▶ _TO DO_
Only the lines from the one bearing "最近,三阳正式发布了迪爵12" through the end of the listing belong in your response, restated word for word and without pictures.
+ + + + + + +
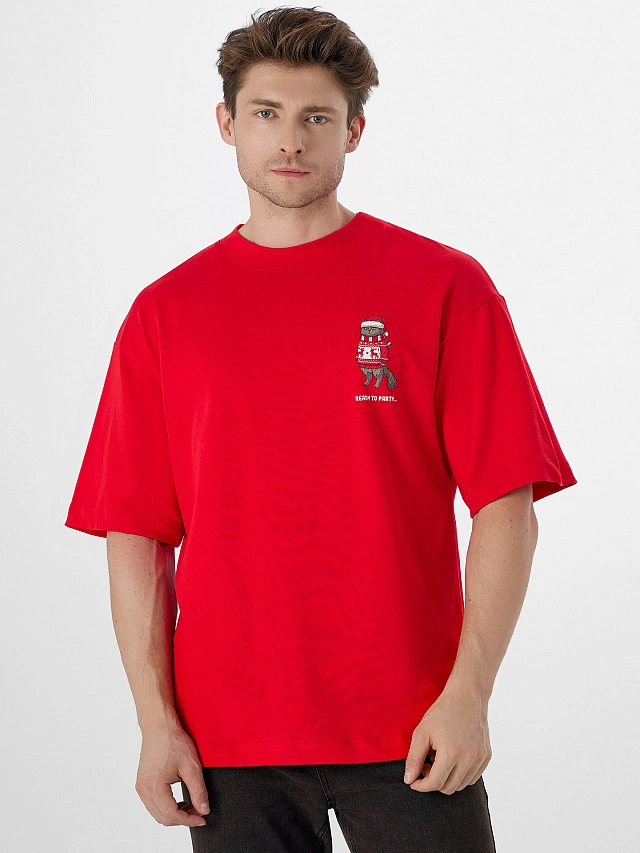 Красная мужская футболка с новогодним принтом и надписью "Готов веселиться" создана для праздничных мероприятий. Модель оверсайз со спущенной линией плеча и короткими рукавами легко сочетается с любым низом.
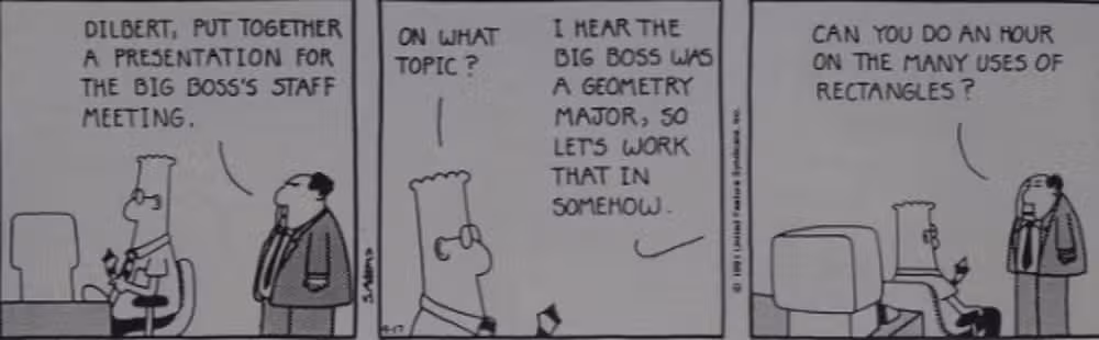 “Una hora sobre los múltiples usos de los rectángulos”: Dilbert se toma con calma la pérdida de tiempo
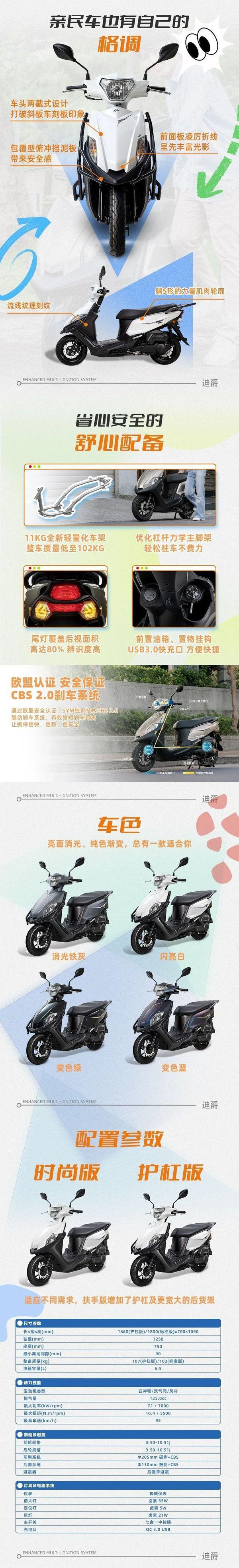 最近,三阳正式发布了迪爵125,售价上分别为时尚版7980元,护杠版8280元,而且现在到1月31日购车可赠送迪爵专属头盔一顶,这台车有2大卖点——1是恩米斯双火花塞异步点火技术,油耗更低动力更好,2是这台车是目前国内在售125踏板里面,马桶空间最大的,足足37.5升,比LEAD125还大了0.5升,但迪爵125比LEAD125可是便宜了太多了。
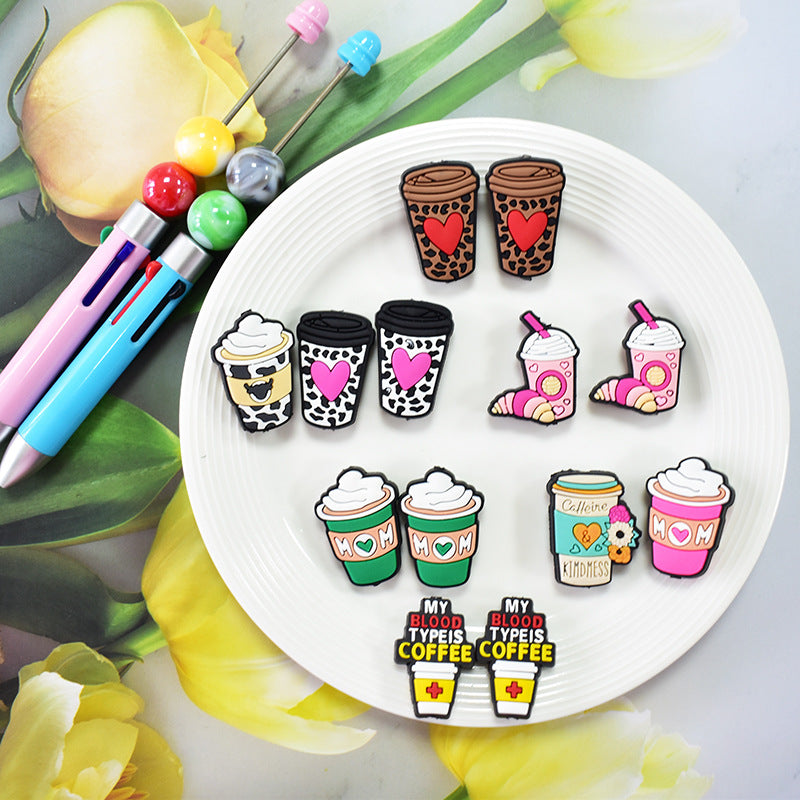 Wholesale Random100pcs Coffee Milk Tea Cup Beaded Lanyard Soft Rubber Focal Beads
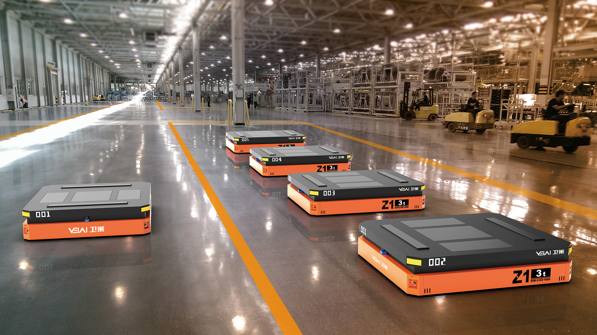 Z1-3t 型重載 AGV,可提供單車 3t 的負(fù)載能力,具有原地轉(zhuǎn)彎和橫移功能,特別適合用于大尺寸、大噸位工件的運(yùn)輸??稍跒r青、自流平、混凝土地面上運(yùn)行,具有很強(qiáng)的地面條件適應(yīng)能力。由于其自身具有整車自頂升功能,除可用于直接承載工件外,還可通過鉆入工件架并進(jìn)行自頂升,托舉工件架后間接承載工件。根據(jù)用戶要求,多AGV 可實(shí)現(xiàn)同步聯(lián)動(dòng),用于托舉大型部件。采用 PGV+ 二維碼的復(fù)合導(dǎo)航模式全自動(dòng)運(yùn)行,也可以遙控運(yùn)行。
+ + + + + + +
▶ _RESULT OF THIS EXERCISE_
 最近,三阳正式发布了迪爵125,售价上分别为时尚版7980元,护杠版8280元,而且现在到1月31日购车可赠送迪爵专属头盔一顶,这台车有2大卖点——1是恩米斯双火花塞异步点火技术,油耗更低动力更好,2是这台车是目前国内在售125踏板里面,马桶空间最大的,足足37.5升,比LEAD125还大了0.5升,但迪爵125比LEAD125可是便宜了太多了。
 Wholesale Random100pcs Coffee Milk Tea Cup Beaded Lanyard Soft Rubber Focal Beads
 Z1-3t 型重載 AGV,可提供單車 3t 的負(fù)載能力,具有原地轉(zhuǎn)彎和橫移功能,特別適合用于大尺寸、大噸位工件的運(yùn)輸??稍跒r青、自流平、混凝土地面上運(yùn)行,具有很強(qiáng)的地面條件適應(yīng)能力。由于其自身具有整車自頂升功能,除可用于直接承載工件外,還可通過鉆入工件架并進(jìn)行自頂升,托舉工件架后間接承載工件。根據(jù)用戶要求,多AGV 可實(shí)現(xiàn)同步聯(lián)動(dòng),用于托舉大型部件。采用 PGV+ 二維碼的復(fù)合導(dǎo)航模式全自動(dòng)運(yùn)行,也可以遙控運(yùn)行。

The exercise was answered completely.